Reputation: 612
i want to compare the content of two folders and delete duplicated data, actually i wrote a script (BASH) but i think it's not the right way to do it (i use loops to iterate over directories content and a lot of diff commands , that make it too much time consuming).
I'll explain the context :
I have two directories :
1-
dir1/
Student1/
homework1
homework2
Student2/
homework1
homework2
2-
dir2/
Student1/
homework1
homework2
Student3/
homework1
homework2
suppose that student1/homework1 folder contains the same data in dir1 and dir2, unlike homework2 which contains different data
the output directory should contains :
Student1
homework1 //same name , same content ==> keep one homework
homework2
homework2_dir2 //same name different content ==> _dir2
Student2
homework1
homework2
Student3
homework1
homework2
What do you think the optimal way in term of time and reliability (filenames problem, etc..) to do such kind of operation ?
Thank you ;)
PS: dir* and Student* and homework* are directories
PS2: PLEASE i am not looking to this model of answer :
loop over student
loop over student homeworks
test on homework existance
diff on homework content
if diff copy
end
end
if i have alot of student and alot of homeworks with only one difference (only one homework that differ), the script take alot of time with the above solution
Upvotes: 1
Views: 2047
Reputation: 7910
As far as I understand, you need to merge all files in two different directories into a new directory and you don't want duplicate files or folders.

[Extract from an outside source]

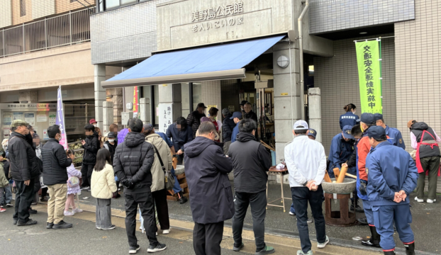美野島社会福祉協議会主催の「もちつき体験会」と住吉地区の住吉4丁目1区・2区自治会で「もちつき」が開催されました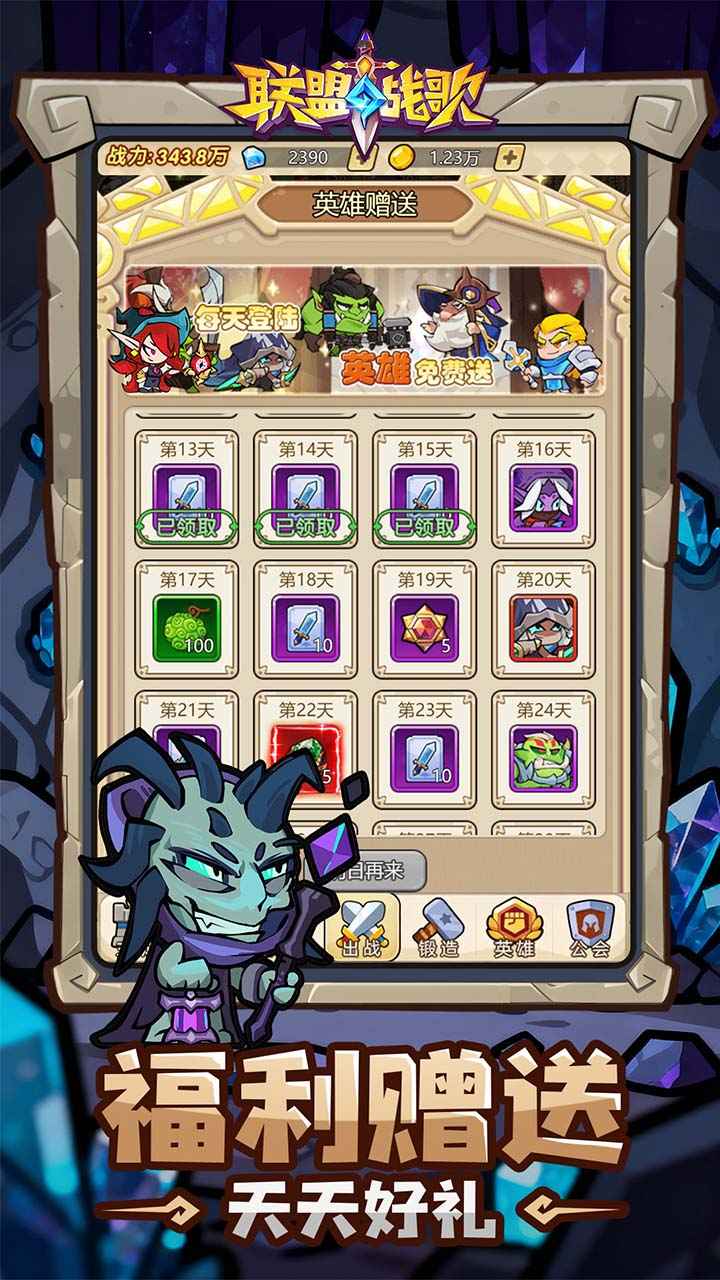简介《联盟战歌》是一款融合卡牌收集、角色扮演与策略养成元素的奇幻题材手机游戏,以西方幻想世界为背景,主打放置挂机与多元战斗模式,适合偏好轻松休闲与深度策略并重的玩家。游戏类型主要为角色扮演类(RPG)与策略卡牌结合的养成类手游,支持单人冒险、多人团战及公会协作等多种玩法。 游戏特色 【多元英雄收集与深度养成】 玩家可招募多样化的英雄角色,每位英雄拥有独特的技能、背景和职业特性。通过装备强化、符文镶嵌、天赋解锁等系统进行个性化培养,打造专属强力战队。输出型英雄可侧重攻击符文,坦克则强化防御属性,成长路径高度自由。 【自动战斗与离线挂机机制】 游戏采用放置玩法,支持托管战斗与离线收益。即使不在线,英雄也会持续征战并积累经验、金币和装备资源,适合碎片化时间管理,降低“肝度”压力。 【策略性战斗与阵容搭配】 战斗强调策略布局,英雄之间存在阵营与属性羁绊,合理组合可触发额外加成(如攻击力提升、技能强化)。需根据敌方阵容灵活调整队伍,例如采用“前排坦克 后排输出 辅助治疗”的经典结构,或利用属性克制反败为胜。 【丰富玩法模式与随机挑战】 包含PVE副本、竞技场PVP、公会战、roguelike随机地图探索等多种玩法。随机生成的地图带来不可预测的挑战内容,增强游戏可玩性与策略深度。 【精美画面与沉浸体验】 采用3D建模与精致美术风格,技能特效华丽炫目,搭配宏伟背景音乐,营造出史诗级战斗氛围,提升视觉与听觉沉浸感。 【公会社交与联合对抗】 可加入或创建公会,参与公会任务、公会战等集体活动,与志同道合的玩家共同冒险,增强社交互动乐趣。

Let's say you want to merge them into 'merged' directory.
You can do this:
rsync -hrv /dir1 /merged/
rsync -hrv /dir2 /merged/
All files in the /dir1 folder will be copied into /merged folder, then the same process will work for /dir2 folder.
Upvotes: 0
Reputation: 1868
Assuming that dir1 and dir2 are relative paths with no directories (i.e. no slashes in dir1 or dir2):
dir1=dir1
dir2=dir2
cd $dir1
BASEDIR=$(pwd)
for studentdir in *
cd $BASEDIR/$studentdir
do
for homeworkdir in *
cd $BASEDIR/$studentdir/$homeworkdir
do
for workfile in *
do
if cmp $workfile ${CMPDIR}/${studentdir}/${homeworkdir}/${workfile} 2>&1 >/dev/null
then
altdir=../${studentdir}_${dir2}
mkdir ../${altdir}
ln ${CMPDIR}/${studentdir}/${homeworkdir}/${workfile} ${altdir}
fi
done
done
done
I haven't tried this - there may be some typos.
In dir1, recurse into each student folder, and in each student folder into each homework directory.
In each homework directory, use cmp
on each file to check whether it is byte identical with the matching file in the dir2 subtree.
If different, create an alternate homework directory in the student directory, and link (ln
) the different file in to the alternate directory.
cmp
is faster than diff
; ln
is faster than cp
.
That's all, folks.
Upvotes: 1
Reputation: 242423
I'm not sure it's faster than your solution, as you didn't post it.
#!/bin/bash
mkdir output
cp -r dir1/* output
cd dir2
for student in Student* ; do
(
cd $student
out_path=../../output/$student
[[ -d $out_path ]] || mkdir $out_path
for file in * ; do
if [[ -f $out_path/$file ]] ; then
diff -q $file $out_path/$file \
|| cp $file $out_path/$file'_dir2'
else
cp $file $out_path/$student
fi
done
)
done
Upvotes: 0